The volume closes with Aurelia Usoniene and Audrone Šoliene’s “Choice of strategies in realisations of epistemic possibility in English and Lithuanian”. This contribution pays attention to the process of formalisation of epistemic possibility in these two languages, under the assumption that English auxiliaries and adverbs will behave differently in this field of modality than Lithuanian modals and adverbs. This includes units like ‘can, could, may, might’ vs. ‘maybe, perhaps, possibly’ in English, and ‘galėti’ ‘can/could/may/might’ vs. ‘gal, galgi, galbῡt, rasi, lyg ir’ ‘maybe/perhaps/possibly’ in Lithuanian. The study makes use of two comparable and parallel corpora derived from ParaCorpE-LT-E, a corpus made up of original English and Lithuanian fictional texts and their translations into Lithuanian and English, respectively. Among other results, this investigation points at a preference for modal auxiliaries in the case of English, and a preference for modal adverbials in the case of Lithuanian. Additionally, the analysis of translational correspondences validates the hypotheses on features that are different in original English and original Lithuanian. An asset of this paper lies in the fact that it depicts and characterises the process of grammaticalisation in the two languages studied, with English auxiliaries displaying a higher degree of grammaticalisation than Lithuanian ones. This also sheds light on the issue of translation equivalences in relation to grammatical categories.

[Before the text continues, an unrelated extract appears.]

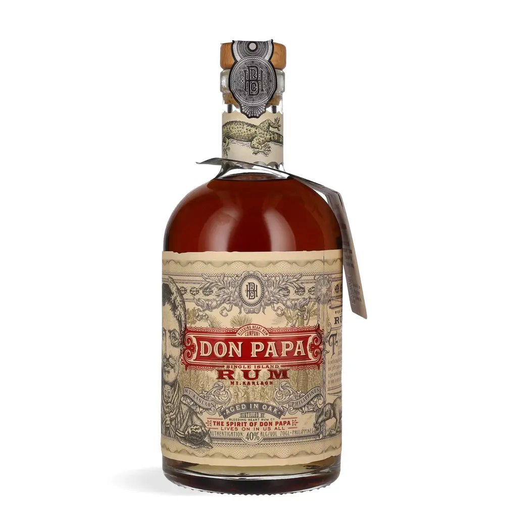 Don Papa Single Island Rum predstavlja spoj filipinske tradicije i suvremenog duha. Proizvodi se na otoku Negros, regiji poznatoj po plodnoj zemlji i šećernoj trsci vrhunske kvalitete. Melasa dobivena iz lokalne trske destilira se s pažnjom i zatim dozrijeva sedam godina u bačvama od američkog hrasta, koje su prethodno sadržavale bourbon. Time se razvijaju bogate arome i baršunasti profil.
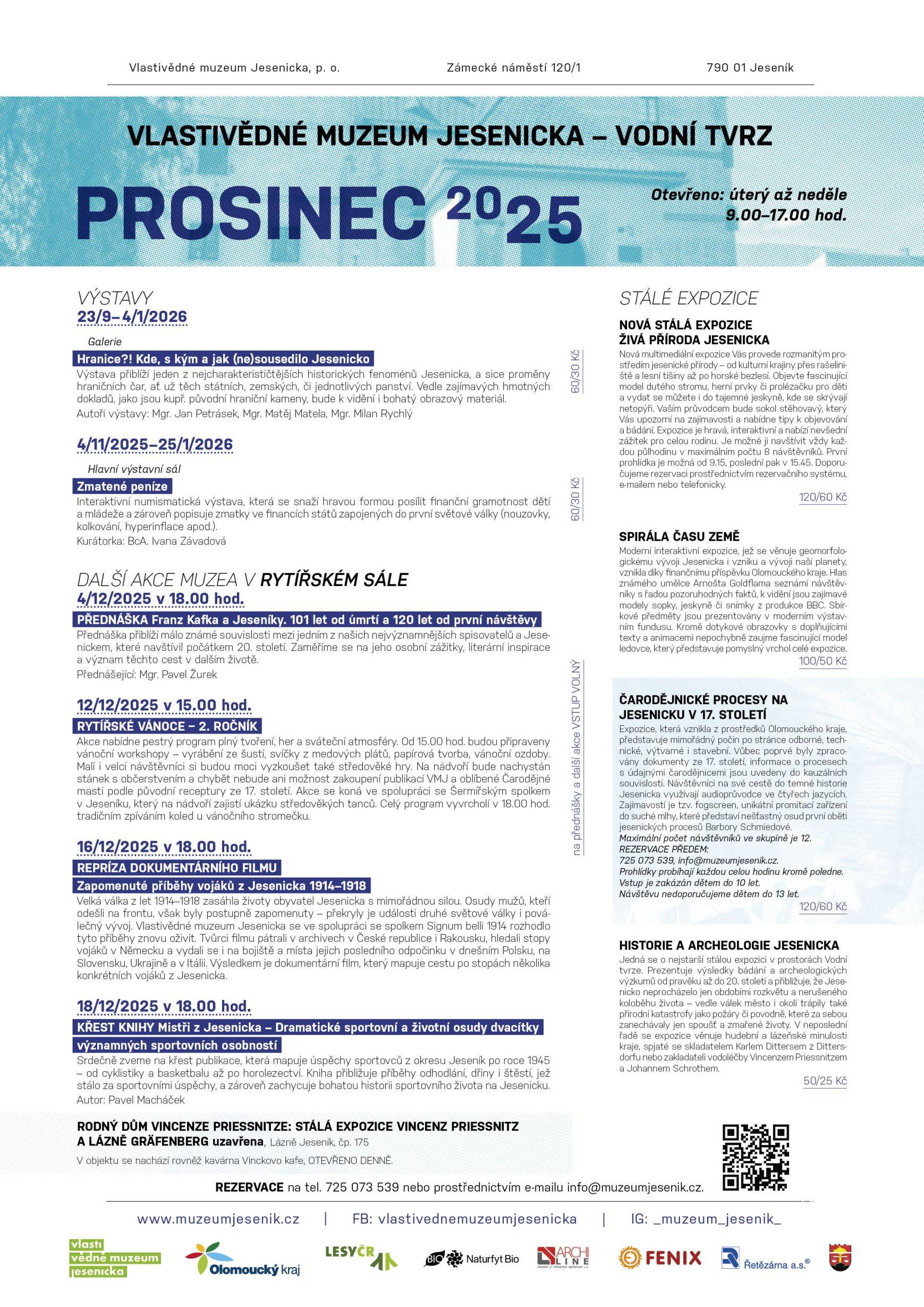 PŘEDNÁŠKA Franz Kafka a Jeseníky. 101 let od úmrtí a 120 let od první návštěvy 4. prosinec 2025, 18.00 hod. Rytířský sál Vodní tvrze Přednáška přiblíží málo známé souvislosti mezi jedním z našich nejvýznamnějších spisovatelů a Jesenickem, které navštívil počátkem 20. století. Zaměříme se na jeho osobní zážitky, literární inspirace a význam těchto cest v dalším životě. Přednášející: Mgr. Pavel Žurek Vstup volný

This book is a welcome addition to the field of contrastive studies viewed from the empirical side of corpus linguistics. The six contributions have the common goal of providing a descriptive and theoretical insight into the differences and similarities between languages, which they do by resorting to a limited array of languages, namely Dutch, Spanish, Lithuanian and, especially, French and English. In all cases, English serves as the tertium comparationis. As has been observed, the volume covers several linguistic domains (e.g. syntax, modality and discourse) and explores diverse types of research questions (e.g. grammaticalisation, pragmatic functions, stylistic functions and typological profile), which make it a varied and attractive work. As is expected for a volume centred on corpus studies, the reader is here provided with a substantial number of examples to empirically back up the points under discussion, to the point that almost every hypothesis and statement is checked against corpus records. This overwhelming amount of data is accompanied by the interaction with statistical tests in order to endorse the validity and authenticity of the experiments. Furthermore, the investigations are carried out by using different types of corpora, and so it is possible to find corpora of a contemporary and historical nature, written and spoken, and embracing a range of text types. This is a positive aspect of the book, restrained only by the reduced number of contributions in it.

If, as can be read in the editors’ introduction, one of their aims is “to enhance the testability, authenticity and empirical adequacy in this field” (p. 2), this seems to be the right moment for this book. The shift that contrastive studies are currently witnessing, where growing attention is being paid to pragmatic and discourse processes, justifies a timely publication and the inclusion of chapters devoted mainly to these two subfields of linguistics, even if one wonders if articles belonging to spheres like phonology or morphology could have joined the collection.

All in all, this is an attractive and readable volume that will hopefully encourage future attempts in the subject of contrastive linguistics, for the languages examined here and beyond. It will be of interest to scholars already working in cross-linguistic areas of language, especially those with a focus on pragmatics and discourse studies, but maybe not so much so to the uninitiated in the field of contrastive linguistics.


Jesús Fernández-Domínguez holds a PhD in English Linguistics and is currently a lecturer at the University of Valencia, Spain. His research has mainly focused on English word-formation and morphology, contrastive linguistics and learner corpora, among other things.